Example 2: Multiple Sentences

curl -X POST http://localhost:8080/predict \
  -H "Content-Type: application/json" \
  -d '{
    "inputs": [
      "Yvon Chouinard founded Patagonia in 1957.",
      "The Eiffel Tower is located in Paris, France."
    ]
  }'

Sentence 1: - Yvon → Person (PER) - Patagonia → Organization (ORG)

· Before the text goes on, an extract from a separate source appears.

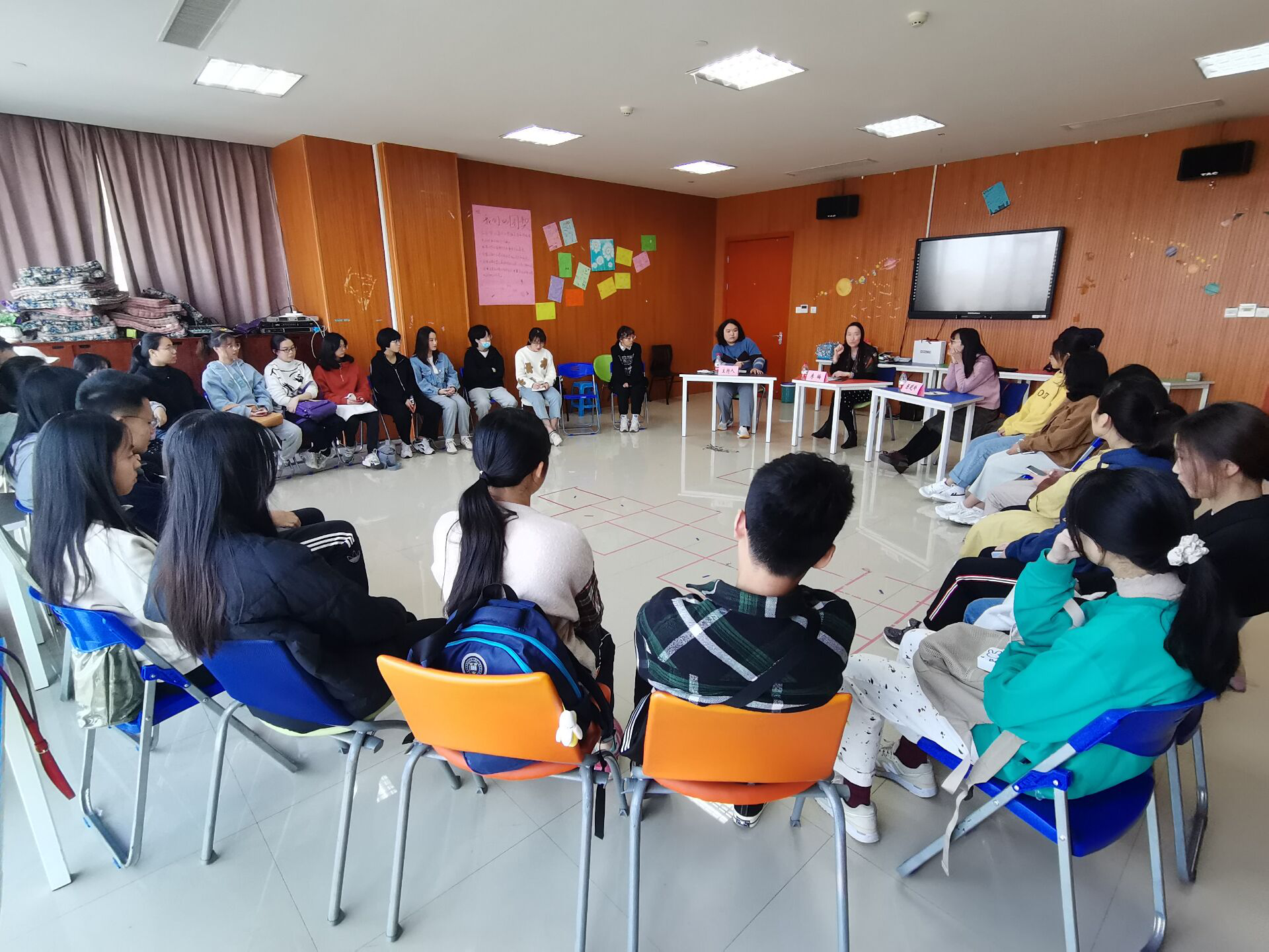 11月11日下午,女同av 在我校师生活动中心316室举行心理沙龙讲座。讲座以“走出抑郁,拥抱治愈”为主题。全国心理健康教育优秀工作者、校心理咨询中心专职心理咨师李梅担任主讲人担任本次讲座主讲人,女同av 18级辅导员陈晓玲老师作为特邀嘉宾参与了本次活动。20余名学子女同av 参与讲座。
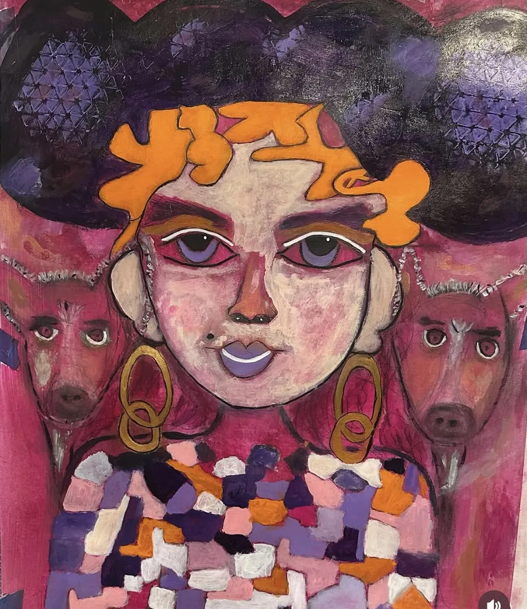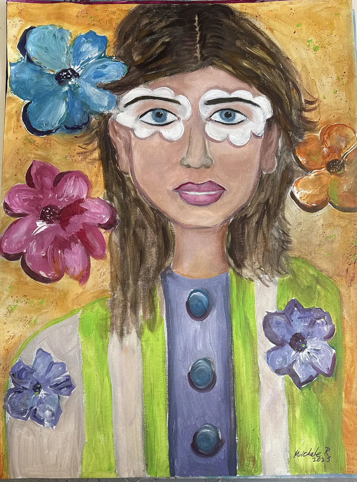 As an “outsider artist,” Michele never followed traditional rules, and that freedom has shaped her work. Drawn to the push and pull between fantasy and realism, often weaving characters into her pieces that feel like they have their own stories to tell. Florals show up a lot too—loving the emotion and movement that flowers can bring to a canvas.

Sentence 2: - Eiffel Tower → Miscellaneous (MISC) - Paris → Location (LOC) - France → Location (LOC)

Step 6: CLI Inference

For batch processing or one-off predictions, use the CLI directly:

Single Input

./build/ner-tagger.encoderfile infer \
  "Tim Cook presented the new iPhone at Apple Park in California."

Batch Processing

./build/ner-tagger.encoderfile infer \
  "Amazon was founded by Jeff Bezos in Seattle." \
  "Mozilla's headquarters are in San Francisco, California." \
  "Marie Curie won the Nobel Prize in Physics." \
  -o results.json

This saves all results to results.json for further processing.


Advanced Usage

Custom Ports

./build/ner-tagger.encoderfile serve \
  --http-port 3000 \
  --grpc-port 50052

HTTP Only (Disable gRPC)

./build/ner-tagger.encoderfile serve --disable-grpc

Production Deployment

# Copy to system location
sudo cp ./build/ner-tagger.encoderfile /usr/local/bin/

# Run as a service (example with systemd)
/usr/local/bin/ner-tagger.encoderfile serve \
  --http-hostname 0.0.0.0 \
  --http-port 8080

Understanding the Output

Token Classification Labels

The model uses the IOB (Inside-Outside-Beginning) tagging scheme:

Prefix Meaning Example
B- Beginning of entity B-PER for "Barack" in "Barack Obama"
I- Inside/continuation I-PER for "Obama" in "Barack Obama"
O Outside any entity O for "is" or "the"

Entity Types

Label Description Examples
PER Person names "John Smith", "Marie Curie"
ORG Organizations "Apple Inc.", "United Nations"
LOC Locations "Paris", "California", "Mount Everest"
MISC Miscellaneous "iPhone", "Nobel Prize"

Response Format

{
  "results": [
    {
      "tokens": ["word1", "word2", ...],          // Tokenized input
      "logits": [[...], [...], ...],              // Raw model outputs
      "predicted_labels": ["B-PER", "O", ...]     // Predicted entity tags
    }
  ],
  "model_id": "ner-tagger"
}

Troubleshooting

Unexpected Entity Recognition

Model Limitations

The model may struggle with:

  • Rare or domain-specific entities
  • Ambiguous contexts (e.g., "Washington" as person vs. location)
  • Non-English text
  • Very long sequences (>512 tokens)

Solution: Fine-tune on domain-specific data or use a specialized model.

Performance Optimization

If inference is slow:

# Consider adding a transform to reduce output size
transform: |
  function Postprocess(arr)
    -- Only return top prediction per token
    return arr:argmax(3)
  end

Server Connection Issues

# Check if server is running
curl http://localhost:8080/health

# Try different port
./build/ner-tagger.encoderfile serve --http-port 8081

Next Steps


Summary

You've learned to:

  • ✅ Export a token classification model to ONNX
  • ✅ Build a self-contained encoderfile binary
  • ✅ Deploy as a REST API server
  • ✅ Make predictions via HTTP and CLI
  • ✅ Understand NER output format

The encoderfile you built is production-ready and can be deployed anywhere without dependencies!